SOURCE DATA:
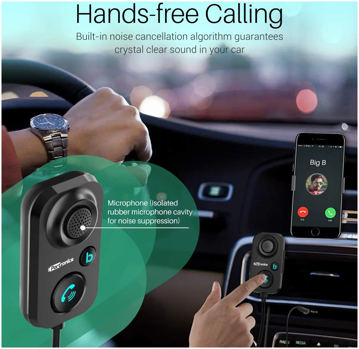 Drive Smart, Drive Safe: Stay focused on the road with the Portronics AUTO 12 in-Car Bluetooth Receiver. It’s your trusty companion for hands-free calling, allowing you to keep your hands on the wheel and your attention where it matters most.
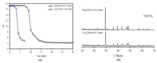 The washing effluent plays a major role in sequestration, providing an abundant quantity of Ca, and may be sufficiently reactive to be used as a medium for the formation of CaCO3. In this study, effluent carbonation was conducted to investigate the effects of the injection flow rate of CO2 on the precipitation process; the results are shown in Figure 7a. The CO2 injection was stopped at approximately pH 8.0, and the effluent attained a steady pH value. When CO2 was injected into the effluent, the pH decreased very quickly in the pH range of approximately 13.0–9.0; this indicates the completion of the carbonation reaction within this pH range. The form of CO2 is dependent on the pH of the aqueous phase, where the dominant species is CO3 [36]. When CO2 was taken into the effluent, the effluent lost its ability to buffer the pH, and the Ca then approached equilibrium.
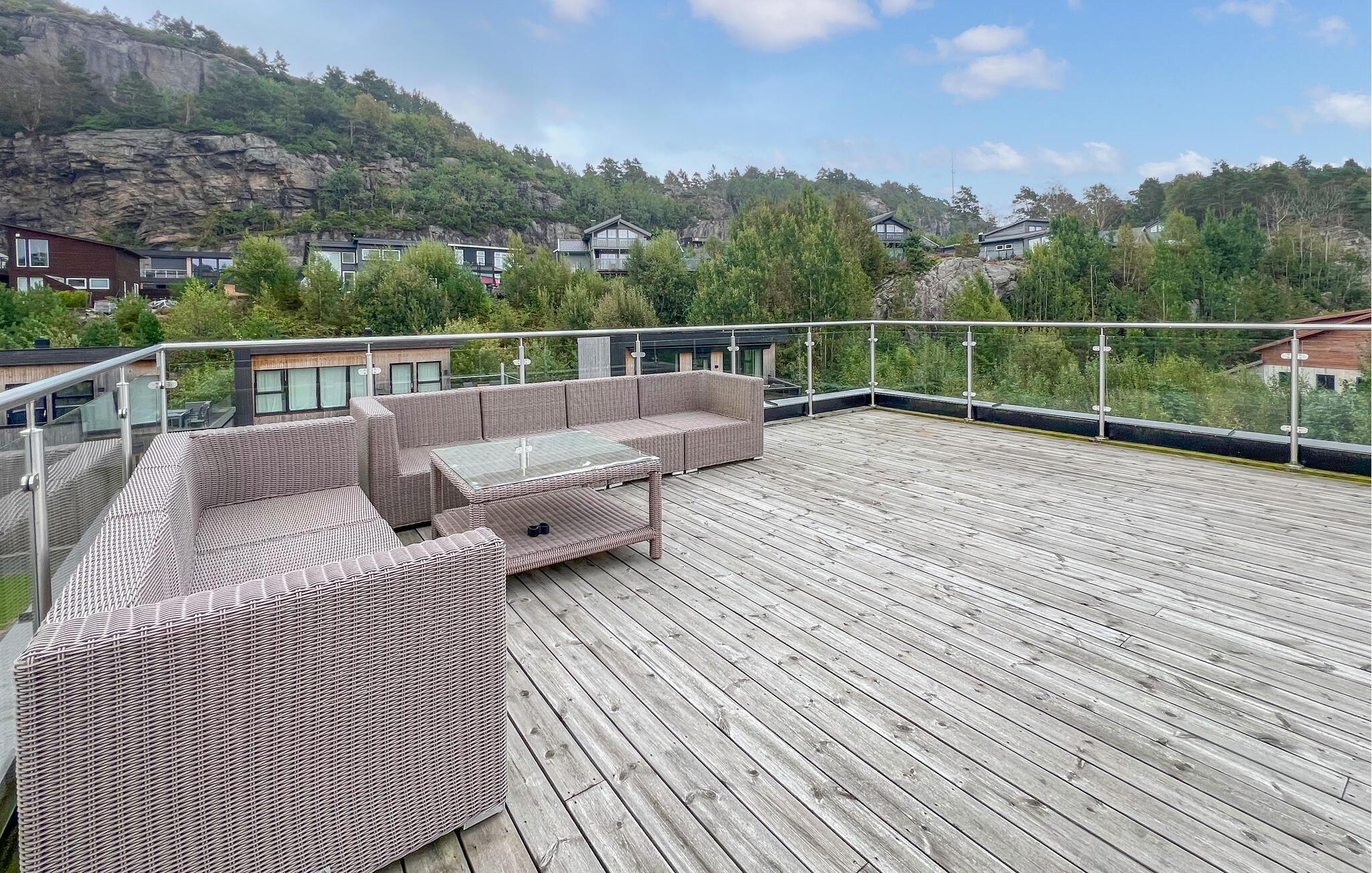 Gå ut på takterrassen ved første solstråle og beundre det fantastiske fjellandskapet som åpner seg foran deg. Spis frokost med dette spesielle bakteppet som omgir deg med fred og trygghet. Len deg tilbake og fordyp deg i ferielesning. Og når kvelden nærmer seg slutten, kan du runde av dagen med et glass vin i godt selskap.
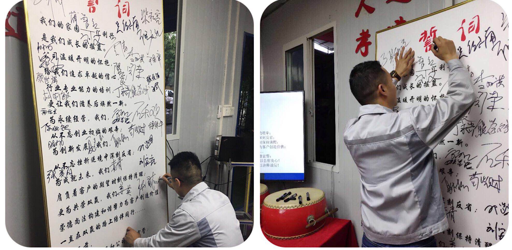 最后,全體匯興人起立宣讀企業(yè)誓言,“我們以個(gè)人尊嚴(yán)和公司聲譽(yù)宣誓,面對自己必踏踏實(shí)實(shí)做好每件事情,以告慰良心!面對客戶定兢兢業(yè)業(yè)做好每一次服務(wù),以詮釋誠信”,然后肩并肩,一起唱響匯興之歌-相信我們會(huì)創(chuàng)造奇跡,整個(gè)大會(huì)就伴隨著大家激昂的誓詞聲及歌聲而落下帷幕。
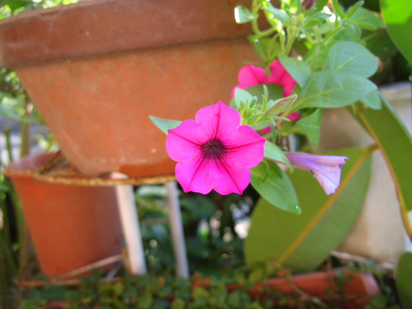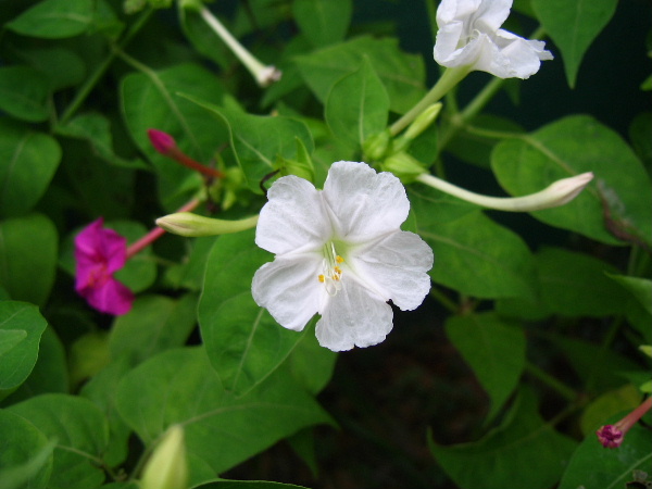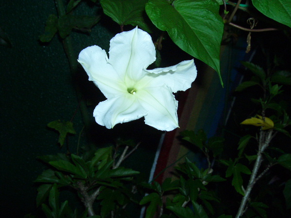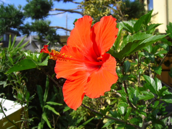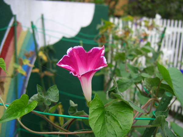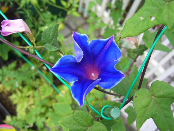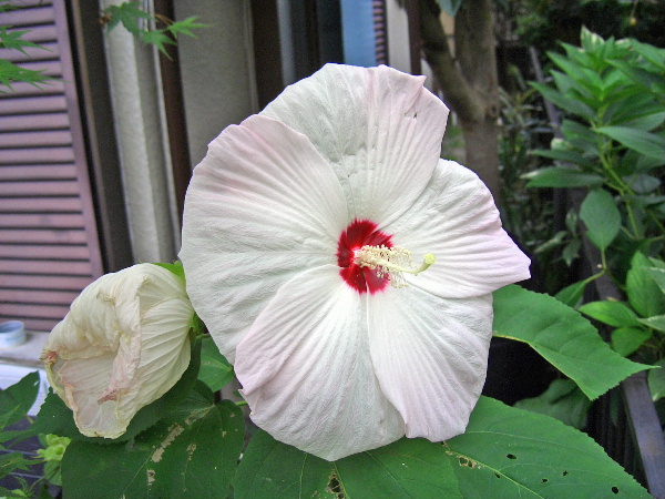 暑い日差しの中、朝夕に花を開き一生懸命に頑張って咲いてます
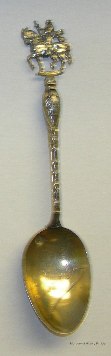 Silver spoon from Paris. A figure of Charlemagne riding on horseback is on the top of the handle.
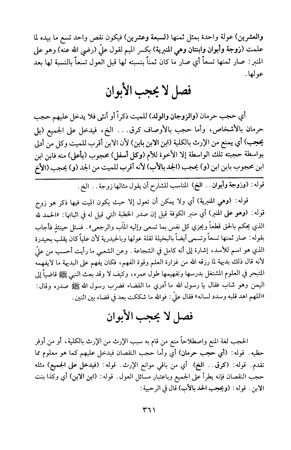 قوله : ( وزوجة وأبوان ) إلخ : المناسب للشارح أن يقول مثالها زوجة إلخ .
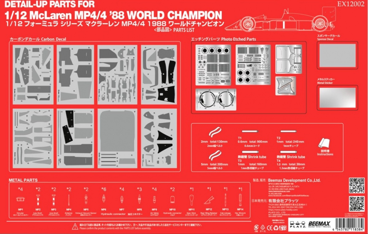 Detail Up Part for McLaren MP4/4 1988 Monaco 1:12 - BEEMAX
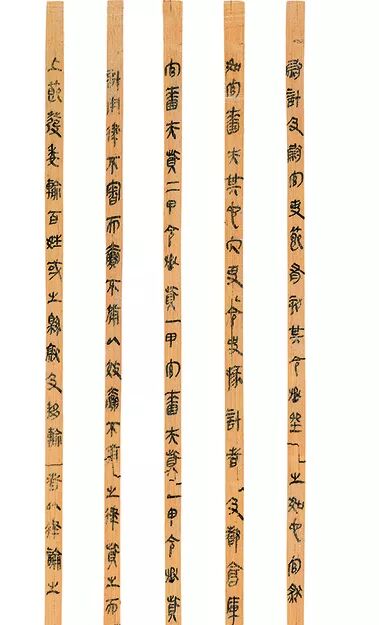春秋战国时期,由于诸侯割据,书体也出现了蝌蚪文、鸟书等颜色不一样的烟火。书写载体更加多样,出现了竹木简牍、帛书、石刻等,其中刻在石头上的石鼓文,是迄今所知传世的最早的石刻文字,为大篆书体,为秦朝的官方字体小篆的前身。
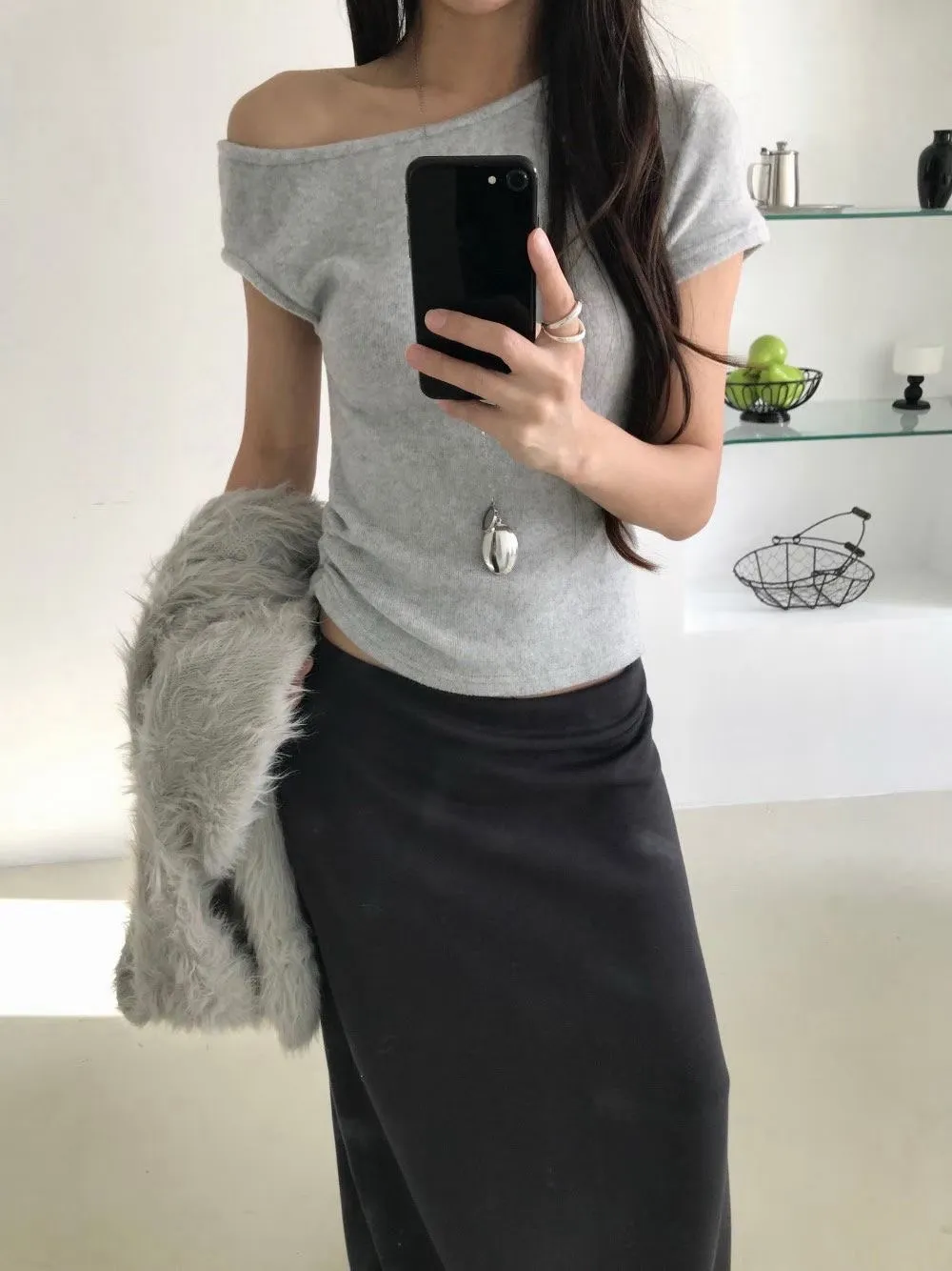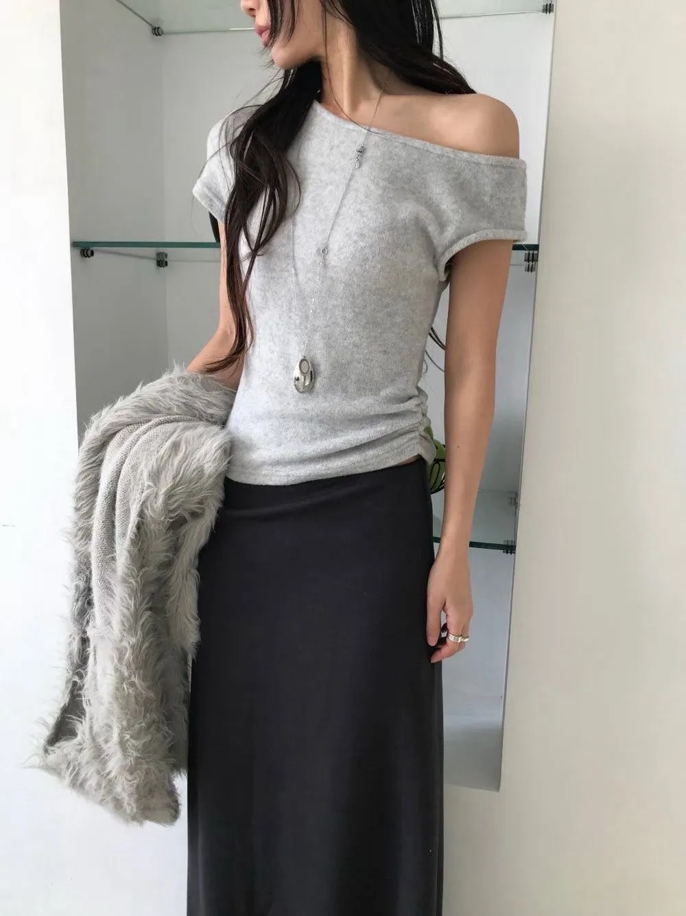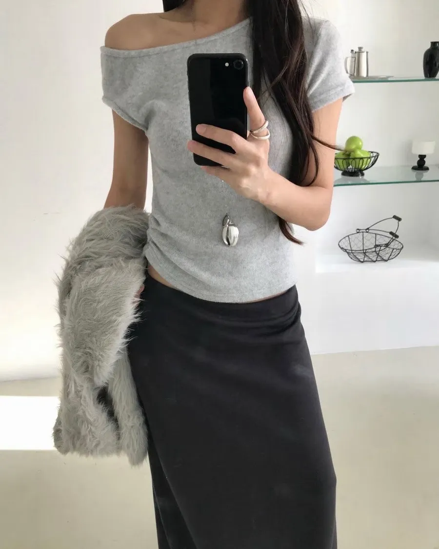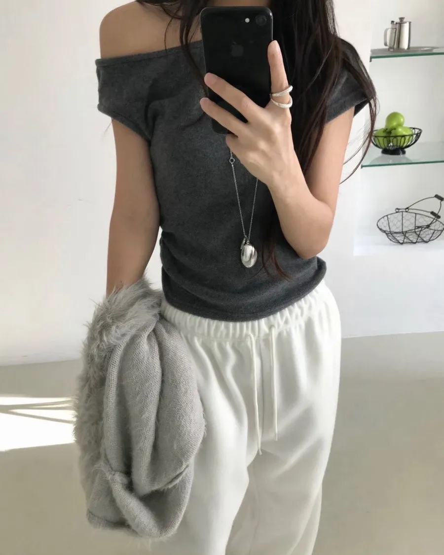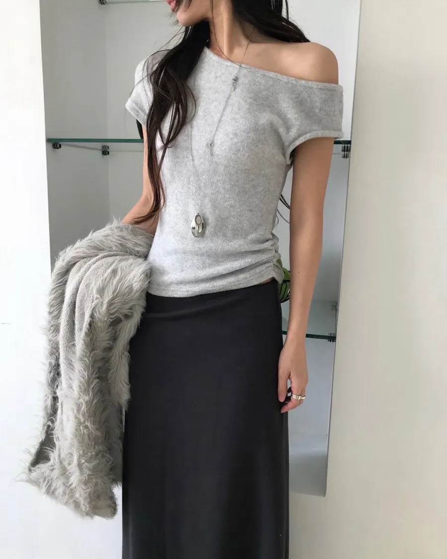 熱門代購|單斜露肩抓皺上衣 3色

WORK REQUEST: Word for word, retype the lines in the entries above that run from the one with "Gå ut på takterrassen" through the one with "قوله : ( وزوجة". Both ends count; pictures do not.

REPLY:
 Gå ut på takterrassen ved første solstråle og beundre det fantastiske fjellandskapet som åpner seg foran deg. Spis frokost med dette spesielle bakteppet som omgir deg med fred og trygghet. Len deg tilbake og fordyp deg i ferielesning. Og når kvelden nærmer seg slutten, kan du runde av dagen med et glass vin i godt selskap.
 最后,全體匯興人起立宣讀企業(yè)誓言,“我們以個(gè)人尊嚴(yán)和公司聲譽(yù)宣誓,面對自己必踏踏實(shí)實(shí)做好每件事情,以告慰良心!面對客戶定兢兢業(yè)業(yè)做好每一次服務(wù),以詮釋誠信”,然后肩并肩,一起唱響匯興之歌-相信我們會(huì)創(chuàng)造奇跡,整個(gè)大會(huì)就伴隨著大家激昂的誓詞聲及歌聲而落下帷幕。
 暑い日差しの中、朝夕に花を開き一生懸命に頑張って咲いてます
 Silver spoon from Paris. A figure of Charlemagne riding on horseback is on the top of the handle.
 قوله : ( وزوجة وأبوان ) إلخ : المناسب للشارح أن يقول مثالها زوجة إلخ .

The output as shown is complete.